Bindings exist for many languages. As these bindings require "native" code, they may not work on every platform.

Perl

The Perl binding for Duktape is available as JavaScript::Duktape on CPAN.

The Perl binding does not have raw Buffer ops, so Base64 strings are used.

Perl Demo

:::note Tested Deployments

This demo was tested in the following deployments:

Architecture Version Date
darwin-x64 2.5.0 2023-10-26
linux-arm 2.5.0 2023-12-01

:::

  1. Ensure perl and cpan are installed and available on the system path.

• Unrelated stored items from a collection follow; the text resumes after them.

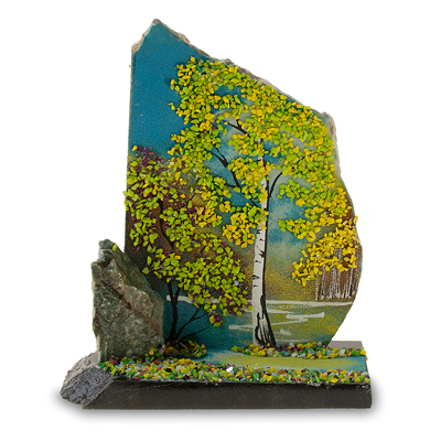 Картина «Осенний пейзаж» Драгоценный камень мрамор, цитрин Ручная работа
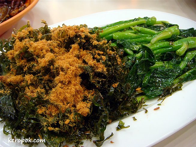 Next was the vegetable. The boss recommended us the Kailan. $12. They prepared it in a 2 in 1 way. The vegetable stems is the way how you expect kailan to be cooked. The leafy foliage above was sliced thinly and deep fried and topped with meat floss.
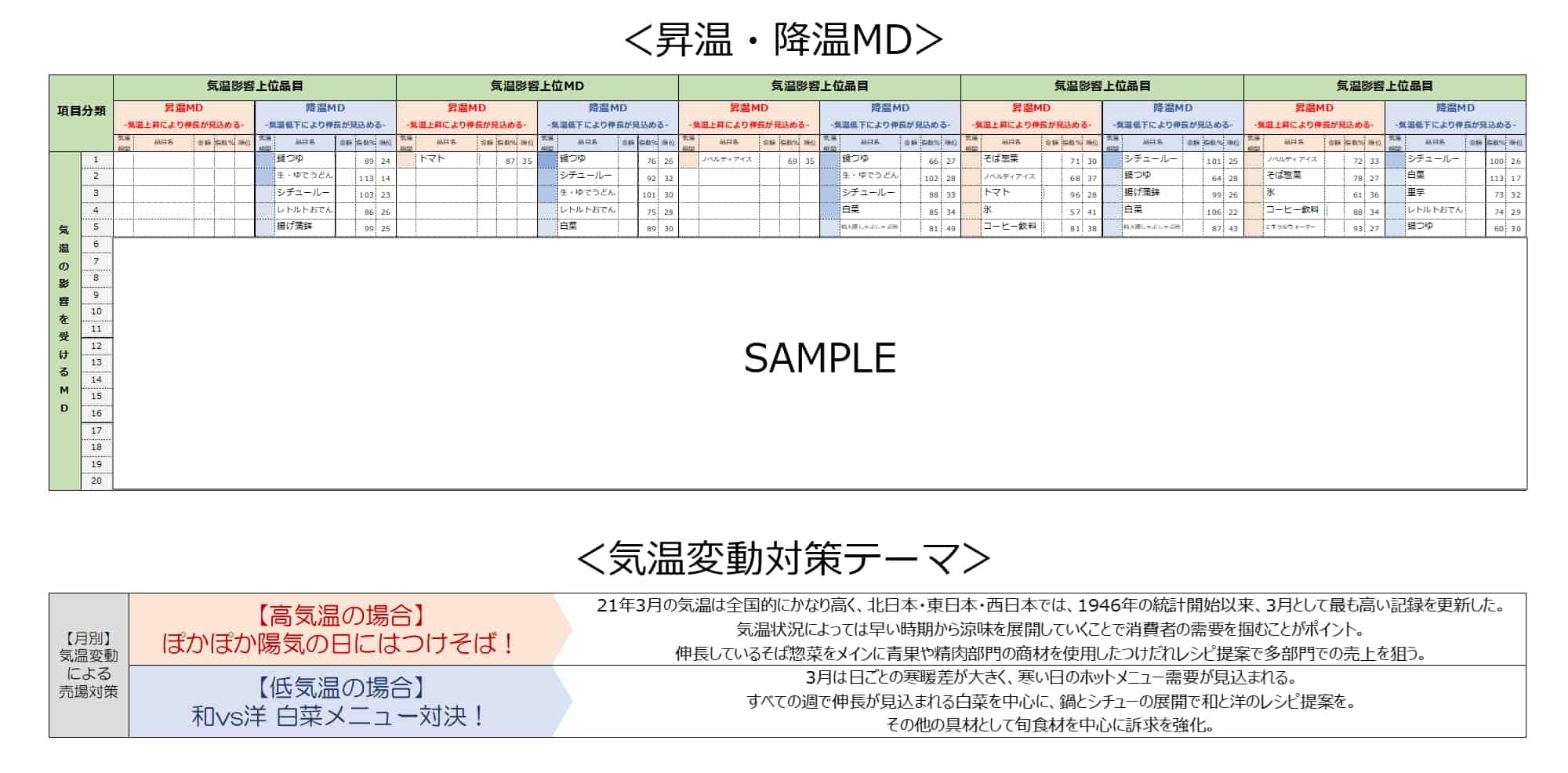 日本気象協会による気象データとPOSデータの解析結果を用いて、気温影響を受けて売上の増加が見込めるMD“昇温・降温MD”を掲載しています。また、昇温・降温MDを基に、気温変動に対応した月別販促テーマも提案しており、例年より暑い・寒いといった気象変動に伴う需要変化を捉えた対策テーマ案を把握できます。
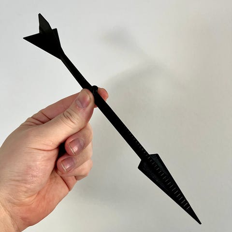 Tuote on itse mallinnettu ja 3D-tulostettu mustasta PETG-muovista. PETG kestää kosteutta, UV-säteilyä ja lämpötilavaihteluita paremmin kuin perus-PLA. Jokainen kappale kootaan ja viimeistellään käsin. Nuoleen lisätään heijasteteipit näkyvyyden parantamiseksi.
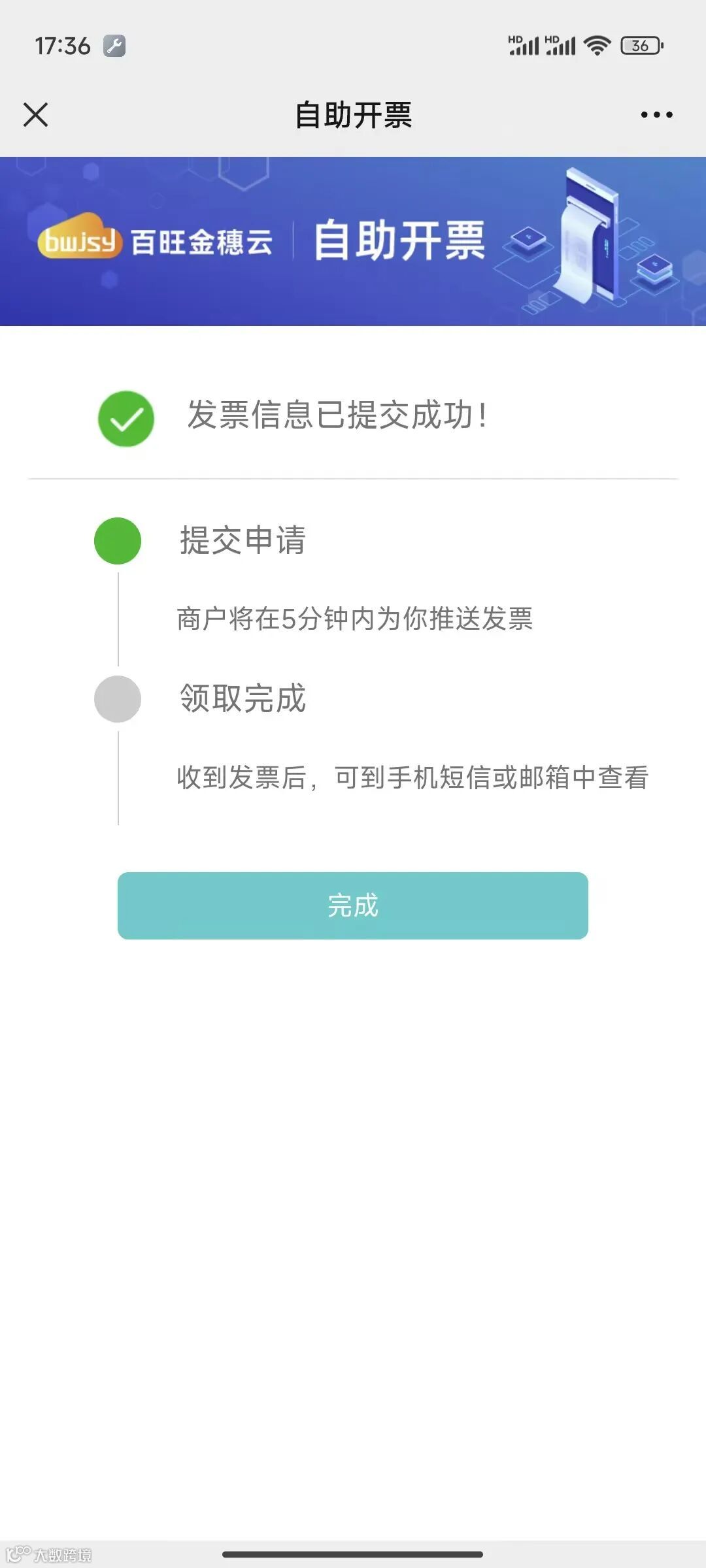 3、提交后开票过程全自动处理,开具成功后自动推送给消费者。
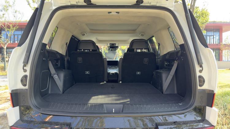 进入车内,第五代胜达的豪华内饰和舒适驾乘空间同样令人惊艳。内饰空间设计宽敞舒适,采用了高档材料和精致工艺,配备了双12.3英寸全景曲面屏和Nappa真皮座椅,提供了5/6/7座多种布局选择。第二排独立座椅设计提升了乘坐舒适度,第三排空间实用且适合长途出行。车内储物空间丰富,后备箱最大可扩展至2046升,满足了家庭出行和户外活动的多样化需求。
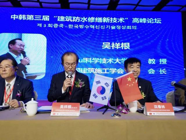 本次會(huì)議以“建筑防水修繕新技術(shù)”為主題,會(huì)議匯集中、韓兩國防水大咖齊聚一堂,韓國首爾科技大學(xué)吳祥根教授一行28位韓國防水專家蒞臨會(huì)議交流。中國建材蘇州非礦院防水材料設(shè)計(jì)研究所所長,湖北工業(yè)工業(yè)大學(xué)碩士生導(dǎo)師,享受國務(wù)院特殊津貼著名防水專家沈春林教授、韓國首爾科技大學(xué)防水技術(shù)研究中心吳祥根教授及國家相關(guān)部門領(lǐng)導(dǎo)先后發(fā)表重要講話,通過對(duì)當(dāng)前我國建筑防水修繕行業(yè)的分析,指出此次會(huì)議召開的重要性和必要性,并希望通過此次會(huì)議的召開,充分調(diào)動(dòng)防水人的積極性,重新樹立對(duì)防水行業(yè)未來市場的信心并致力于將防水修繕市場做的更好。
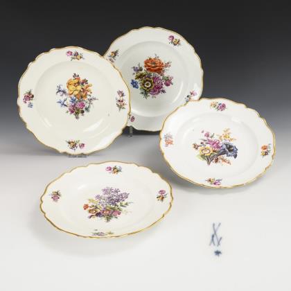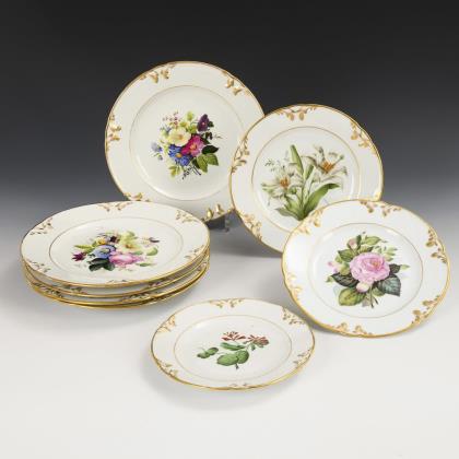 Kredenzteller und 9 Teller mit Blumenmalerei. Gotha.
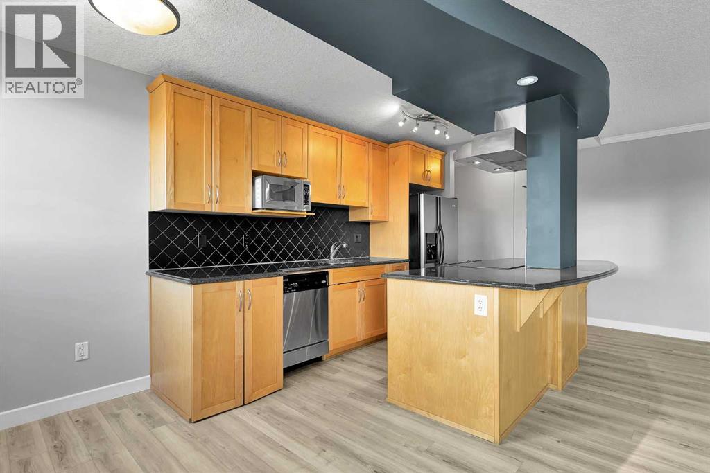 Welcome to this TOP-FLOOR, move-in ready 2-bedroom condo offering exceptional value in the heart of Calgary’s vibrant Beltline. Enjoy fantastic views overlooking Thomson Family Park—a beautifully redeveloped inner-city green space with walking paths, open lawn areas, a playground, and seasonal skating—right outside your door. For buyers looking to secure a well-located inner-city home with strong livability and long-term potential, this is a standout opportunity. This updated, south-facing END unit features a bright and functional 2-bedroom, 1-bath layout with new luxury vinyl plank flooring throughout, creating a clean, modern feel the moment you walk in. The top-floor location offers added privacy and quiet—no neighbours above—making it an ideal choice for professionals, first-time buyers, or investors. Enjoy the convenience of in-suite all-in-one laundry and a layout designed for comfort, with well-defined living and dining spaces that feel both practical and inviting. Located in the Biltmore, this is a solid, well-established concrete building with a track record of long-term ownership. Just steps from 17th Avenue SW, you’re immersed in one of Calgary’s most dynamic and walkable neighbourhoods, with restaurants, cafés, everyday amenities, transit, and the downtown core all within easy reach. Condo fees include heat, water, and electricity—offering simplified monthly budgeting and greater financial predictability. Call to book your private viewing today! (id:55577)
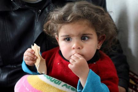 وفي وقت لاحق من اليوم، تناولت رغد، البالغة من العمر 18 شهرًا، قطعة خبز وهي تجلس على وسائد على الأرض تحت بطانية حيث ساعدت مدفأة في حمايتها من برد الشتاء.
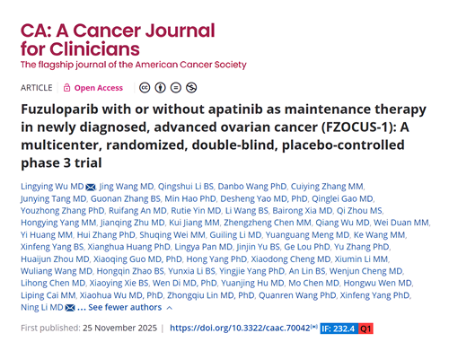 2025年11月25日,AG百家乐医药自主研发的创新药氟唑帕利联合阿帕替尼或氟唑帕利单药用于新诊断晚期卵巢癌(OC)的一线维持治疗研究最新数据(FZOCUS-1研究)重磅在线发表于国际顶尖医学期刊《临床医师癌症杂志》(A Cancer Journal for Clinicians,简称CA,2024年影响因子高达232.4)1
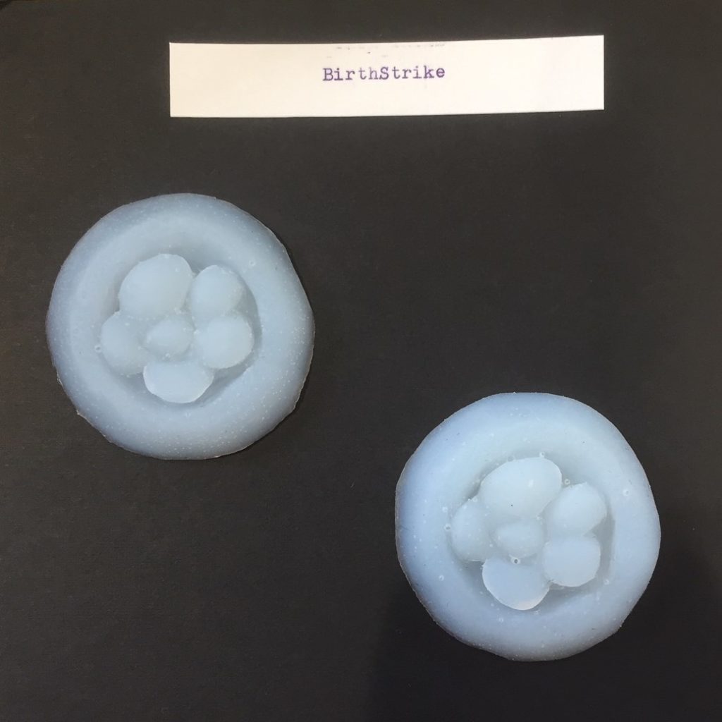 Robin Danely’s luminous parent and child portraits brought deep tenderness into the room, a counter to Rowan Ryrie’s flashing crisp packet cut-outs of blue fin tuna, alerting us to the notion that by 2050 the oceans could be more full of plastic than fish. Josephine Rutherfoord created ‘Blastocyst & Birthstrike’ – itself a conversation between her silicon model of a flower-like embryo 5 days after fertilization and news of a current movement where women are choosing not to have children until politicians address the climate emergency.  Above that hangs my poem, Peaking, written during a time of choosing to conceive a child in a time of peak oil 14 years ago.
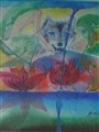 " vargen vid vatten" akvarell

  2. Install the JavaScript::Duktape library:

cpan install JavaScript::Duktape

:::note pass

On some systems, the command must be run as the root user:

sudo cpan install JavaScript::Duktape

:::

  1. Save the following codeblock to SheetJSDuk.pl:
# usage: perl SheetJSDuk.pl path/to/file
use JavaScript::Duktape;
use File::Slurp;
use MIME::Base64 qw( encode_base64 decode_base64 );

# Initialize
my $js = JavaScript::Duktape->new( max_memory => 256 * 1024 * 1024 );
$js->eval("var global = (function(){ return this; }).call(null);");

# Load the ExtendScript build
my $src = read_file('xlsx.extendscript.js', { binmode => ':raw' });
$src =~ s/^\xEF\xBB\xBF//;
my $XLSX = $js->eval($src);

# Print version number
$js->set('log' => sub { print $_[0], "\n"; });
$js->eval("log('SheetJS library version ' + XLSX.version);");

# Parse File
my $raw_data = encode_base64(read_file($ARGV[0], { binmode => ':raw' }), "");
$js->set("b64", $raw_data);
$js->eval(qq{
  global.wb = XLSX.read(b64, {type: "base64", WTF:1});
  global.ws = wb.Sheets[wb.SheetNames[0]];
  void 0;
});

# Print first worksheet CSV
$js->eval('log(XLSX.utils.sheet_to_csv(global.ws))');

# Write XLSB file
my $xlsb = $js->eval("XLSX.write(global.wb, {type:'base64', bookType:'xlsb'})");
write_file("SheetJSDuk.xlsb", decode_base64($xlsb));
  1. Download the SheetJS ExtendScript build and test file:

{\ curl -LO https://cdn.sheetjs.com/xlsx-${current}/package/dist/xlsx.extendscript.js curl -LO https://sheetjs.com/pres.xlsx}

  1. Run the script:
perl SheetJSDuk.pl pres.xlsx

If the script succeeded, the data in the test file will be printed in CSV rows. The script will also export SheetJSDuk.xlsb.

:::note pass

In the latest Linux ARM64 test, the command failed due to missing File::Slurp:

Can't locate File/Slurp.pm in @INC (you may need to install the File::Slurp module)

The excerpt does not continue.